However, in the face of competition with short video formats such as TikTok, YT Shorts, IG reels, Twitter is failing to attract the young audience and it’s highly doubtful that it will ever reach 400 million MAUs. That’s why we see this decline in the past years. The company went private on October 27, so the Twitter share prices froze at $53.70, and that’s how much all the remaining shareholders were paid per share before the company was delisted.
Fun fact: Twitter’s stock symbol was TWTR. There was a company called Tweeter Audio and Video, a small electronics company, with a ticker TWTRQ. Some investors confused TWTR stock with TWTRQ, which made the stock jump 1,800% on Oct. 4, 2013, the day after Twitter announced its IPO. The market was quick to realize that they got it wrong and the price came back to normal penny stock few days later.

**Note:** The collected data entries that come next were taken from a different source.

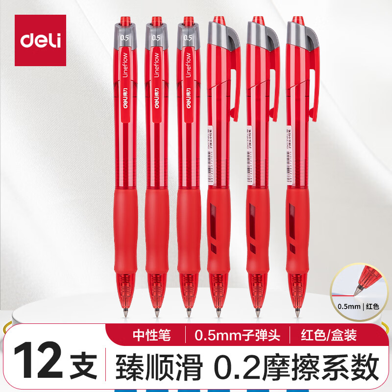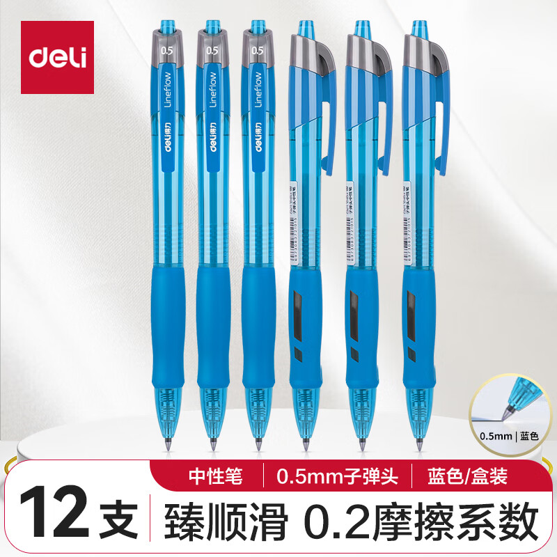 商品名稱:得力S08 臻順滑中性筆 簽字筆 0.5mm子彈頭按動(dòng)筆水筆 辦公用品 12支/盒【順滑之星】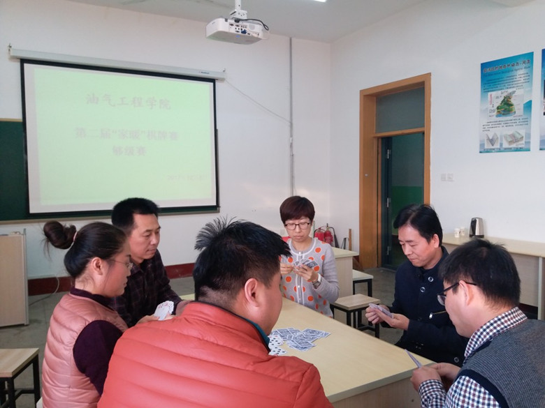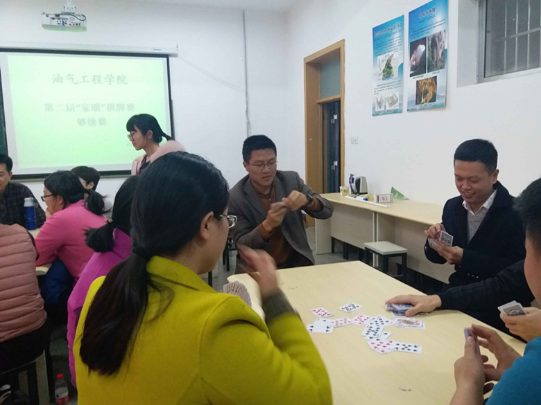 12月8日下午,油气工程学院第二届“家暖”棋牌比赛在石大校区西配楼2005、2007室举行。油气全体教职员工参与了比赛。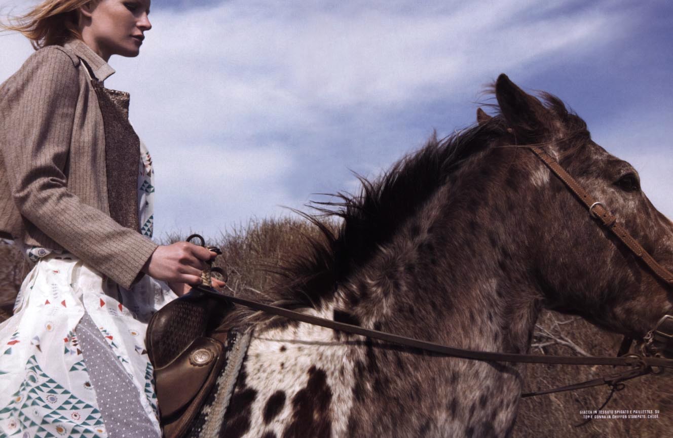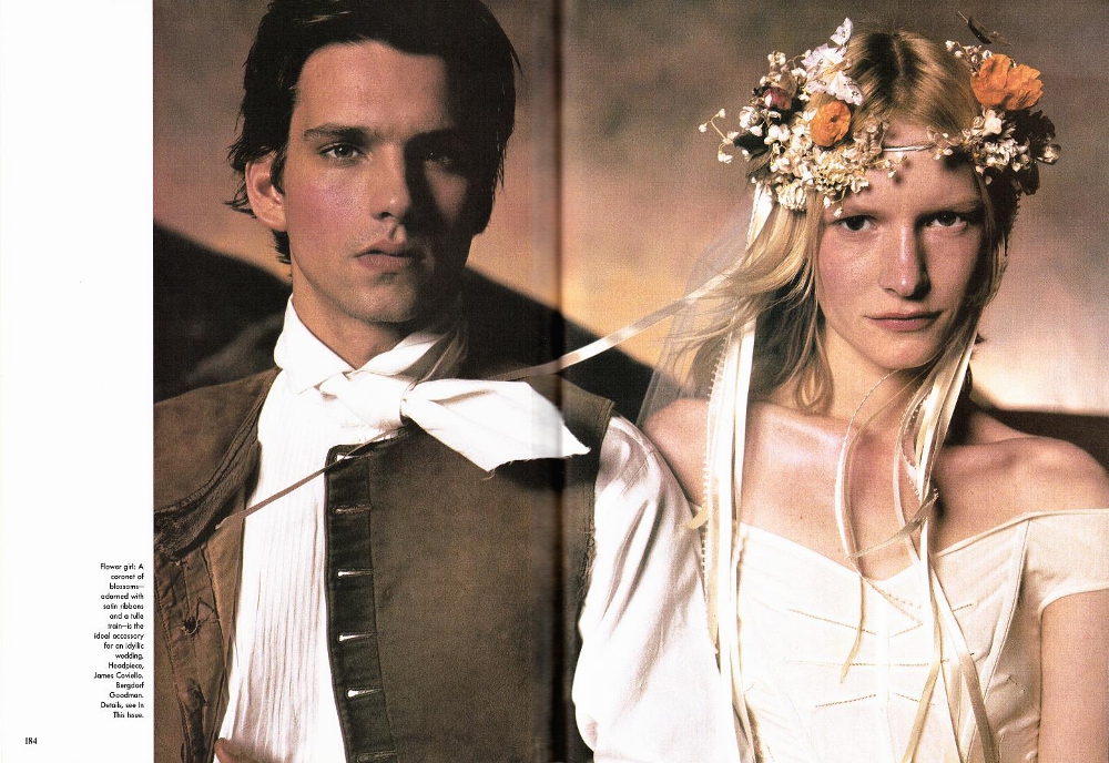 US Vogue, June 1998 ("A Renaissance Romance"): Kirsten, Christina Kruse, Lida Egorova (?), Maggie Rizer & unknown by Steven Meisel. P. Brueghel/pre-Shyamalan´s The Village inspiration...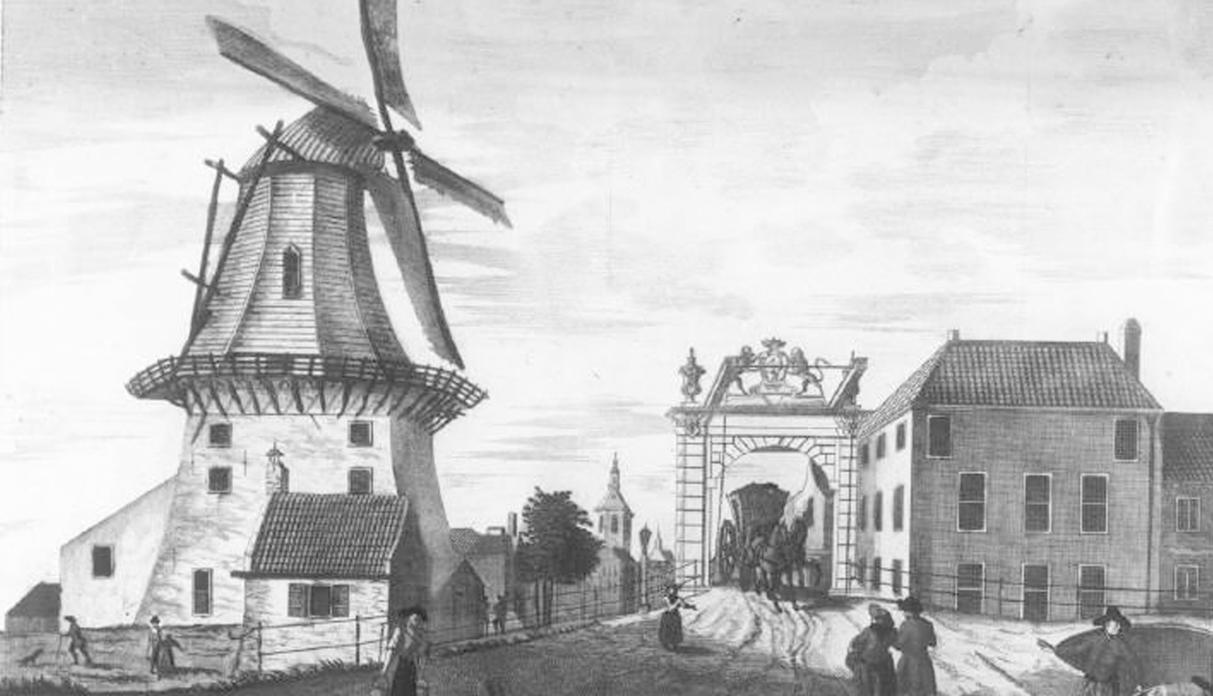 Gezicht naar de Loosduinse brug met links een molen, 1770. Vervaardiger F. Wit. Collectie Haags Gemeentearchief. -

Elon Musk & Twitter: What’s Next?
Tweets now cause crypto and stock market pumps and dumps (like Elon and Shiba Inu coin), deliver the fastest news around the world and spread even further than planet Earth. No wonder the world’s most eccentric billionaire bought it.
At first, Musk started criticizing Twitter’s moderation policies and accused it of ‘undermining democracy.’. In the SEC filing Musk said “I invested in Twitter as I believe in its potential to be the platform for free speech around the globe, and I believe free speech is a societal imperative for a functioning democracy.”

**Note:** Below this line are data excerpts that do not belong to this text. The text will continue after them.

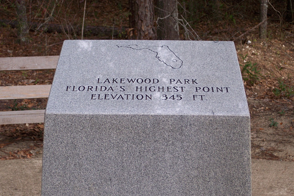 Britton Hill is the highest natural point in the state of Florida, USA, with a summit elevation of 345 feet (105 m) above mean sea level. Britton Hill is the lowest state highpoint in the United States, 103 feet (31 m) lower than the next lowest highpoint, Ebright Azimuth in Delaware. The hill is located in northern Walton County near the town of Lakewood, Florida, just off County Road 285 about 2 miles (3.2 km) southeast of Florala, Alabama. A small park called Lakewood Park marks the high point and features a monument, trails and an information board.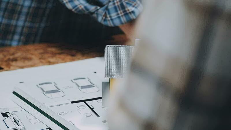 Image of team engineer checks construction blueprints on new project with engineering tools at desk in office. Free Video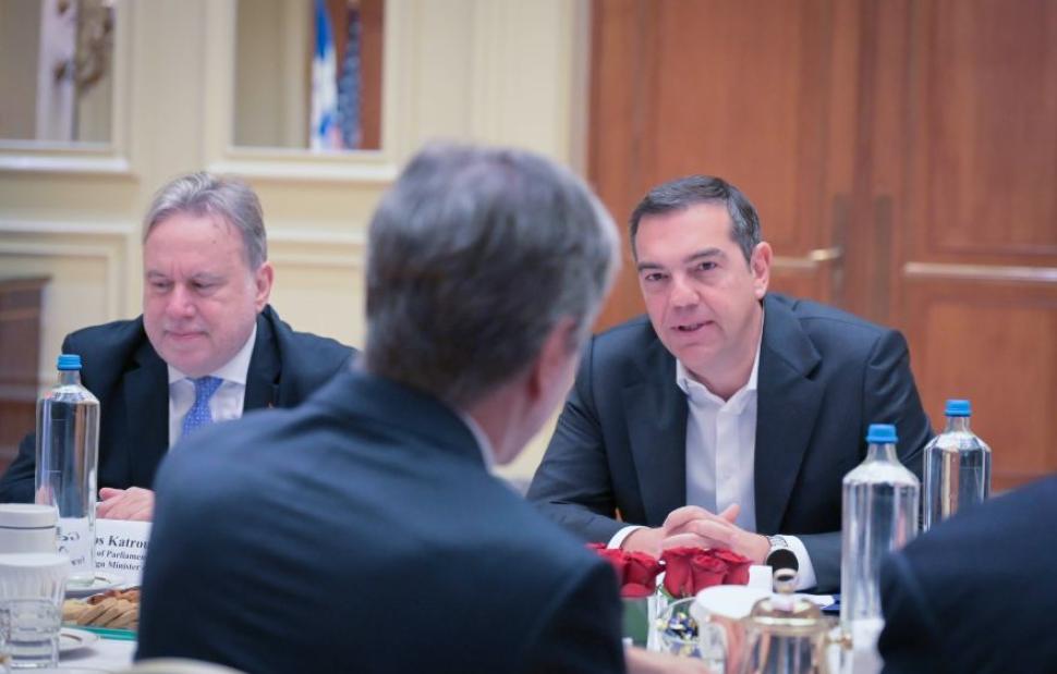 Αντιγραφή από την επίσημη ανακοίνωση του ΣΥΡΙΖΑ ΠΣ, μετά τη συνάντηση Μπλίνκεν-Τσίπρα στη Μ. Βρετάνια, άνευ γραβάτας και πάλι, συνοδεία Κατρούγκαλου (έδωσε τα φώτα του και για τις αμερικάνικες συντάξεις;) κι ενός Βαγγέλη Καλπαδάκη, ιδιώτης «διπλωματικός σύμβουλος» του Προέδρου.

In April it got revealed that his stake was already 9.1%, but he reassured that he had no intentions to buy out, so he got appointed to its Board of Directors. Just a week later he offered to buy Twitter for $54.20 a share or about $44 billion in total. At that moment, Twitter stock prices skyrocketed 30% and then fell by almost a third three months later, as Musk announced that he was withdrawing his bid for Twitter because of having too many spambot accounts. A lawsuit was filed by Twitter against Musk in July 2022, but in the end Twitter’s shareholders voted to accept Musk’s proposal.
On Oct 27, 2022 Musk closed the deal and acquired Twitter, which is why the Twitter stock price today is unavailable as the company has been delisted and is now fully private. He fired some of the top executives including the CEO, CFO, CLO, and others. Moreover, approximately half of Twitter’s 7500-person workforce will be laid off beginning November.
With this being said, we expect "lots of dumb things in the coming months." The first such thing is that users can access verification with Twitter Blue, a subscription service that costs $8 per month.
In fact, Musk has recently announced more long-term plans on how he wants to change the company. Citing minutes from his recent staff meeting, it appears to be in 3 ways:
- “enabling people on Twitter to able to send money anywhere in the world instantly and in real-time”
- “video content and compensating content creators”
- improving search.
Musk believes “he will quintuple Twitter's revenue by 2028, increasing annual earnings to $26.4 billion” and given his reputation for disruption, it is going to be a spectacular show of Twitter’s transformation in the upcoming years.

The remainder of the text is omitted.